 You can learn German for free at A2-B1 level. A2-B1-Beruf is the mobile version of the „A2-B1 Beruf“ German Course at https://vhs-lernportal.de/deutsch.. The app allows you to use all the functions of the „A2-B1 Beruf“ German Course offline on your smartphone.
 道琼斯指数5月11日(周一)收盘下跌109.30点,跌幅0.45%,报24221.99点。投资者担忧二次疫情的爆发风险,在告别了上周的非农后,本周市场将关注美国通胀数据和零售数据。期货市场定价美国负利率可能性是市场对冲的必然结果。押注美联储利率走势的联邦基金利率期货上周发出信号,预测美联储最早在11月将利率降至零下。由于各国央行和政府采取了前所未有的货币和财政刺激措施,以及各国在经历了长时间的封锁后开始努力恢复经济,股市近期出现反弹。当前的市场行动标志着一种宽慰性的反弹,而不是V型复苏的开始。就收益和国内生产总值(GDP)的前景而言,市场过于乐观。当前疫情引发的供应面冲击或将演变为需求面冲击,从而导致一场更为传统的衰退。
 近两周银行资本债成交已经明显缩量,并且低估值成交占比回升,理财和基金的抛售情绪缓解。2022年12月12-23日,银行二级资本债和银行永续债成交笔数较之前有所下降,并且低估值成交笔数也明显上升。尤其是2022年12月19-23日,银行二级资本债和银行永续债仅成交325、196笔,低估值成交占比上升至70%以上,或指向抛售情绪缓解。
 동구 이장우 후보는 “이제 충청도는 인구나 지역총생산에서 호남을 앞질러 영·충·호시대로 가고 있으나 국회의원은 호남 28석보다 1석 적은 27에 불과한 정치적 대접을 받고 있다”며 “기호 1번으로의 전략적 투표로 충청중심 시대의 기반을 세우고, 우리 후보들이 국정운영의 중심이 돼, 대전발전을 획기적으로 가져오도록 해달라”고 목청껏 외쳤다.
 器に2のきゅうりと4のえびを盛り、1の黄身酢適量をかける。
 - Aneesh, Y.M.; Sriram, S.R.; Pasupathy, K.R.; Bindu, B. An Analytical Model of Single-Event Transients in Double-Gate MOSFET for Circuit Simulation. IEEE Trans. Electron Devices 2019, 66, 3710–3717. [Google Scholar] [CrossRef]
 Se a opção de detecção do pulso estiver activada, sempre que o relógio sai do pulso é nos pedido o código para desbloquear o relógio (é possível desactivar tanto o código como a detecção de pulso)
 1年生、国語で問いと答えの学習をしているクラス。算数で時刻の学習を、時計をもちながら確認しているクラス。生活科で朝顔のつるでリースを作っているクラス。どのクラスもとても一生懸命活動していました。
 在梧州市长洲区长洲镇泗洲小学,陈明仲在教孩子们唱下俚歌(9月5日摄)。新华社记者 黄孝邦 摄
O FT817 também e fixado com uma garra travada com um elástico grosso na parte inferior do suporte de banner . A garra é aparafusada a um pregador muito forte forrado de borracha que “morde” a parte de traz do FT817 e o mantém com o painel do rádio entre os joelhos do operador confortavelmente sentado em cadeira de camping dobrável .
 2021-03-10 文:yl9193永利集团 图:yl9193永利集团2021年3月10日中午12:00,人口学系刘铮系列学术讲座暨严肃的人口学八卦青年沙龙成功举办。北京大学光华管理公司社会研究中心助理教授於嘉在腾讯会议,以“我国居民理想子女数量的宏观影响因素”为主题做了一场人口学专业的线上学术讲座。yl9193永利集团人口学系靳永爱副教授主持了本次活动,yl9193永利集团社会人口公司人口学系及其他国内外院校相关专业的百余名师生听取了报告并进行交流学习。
......
* Problem details:
Copy exactly. Include the line containing "1年生、国語で問いと答えの学" and every later line through the end of the listing, and nothing else.

* Result below:
 1年生、国語で問いと答えの学習をしているクラス。算数で時刻の学習を、時計をもちながら確認しているクラス。生活科で朝顔のつるでリースを作っているクラス。どのクラスもとても一生懸命活動していました。
 在梧州市长洲区长洲镇泗洲小学,陈明仲在教孩子们唱下俚歌(9月5日摄)。新华社记者 黄孝邦 摄
O FT817 também e fixado com uma garra travada com um elástico grosso na parte inferior do suporte de banner . A garra é aparafusada a um pregador muito forte forrado de borracha que “morde” a parte de traz do FT817 e o mantém com o painel do rádio entre os joelhos do operador confortavelmente sentado em cadeira de camping dobrável .
 2021-03-10 文:yl9193永利集团 图:yl9193永利集团2021年3月10日中午12:00,人口学系刘铮系列学术讲座暨严肃的人口学八卦青年沙龙成功举办。北京大学光华管理公司社会研究中心助理教授於嘉在腾讯会议,以“我国居民理想子女数量的宏观影响因素”为主题做了一场人口学专业的线上学术讲座。yl9193永利集团人口学系靳永爱副教授主持了本次活动,yl9193永利集团社会人口公司人口学系及其他国内外院校相关专业的百余名师生听取了报告并进行交流学习。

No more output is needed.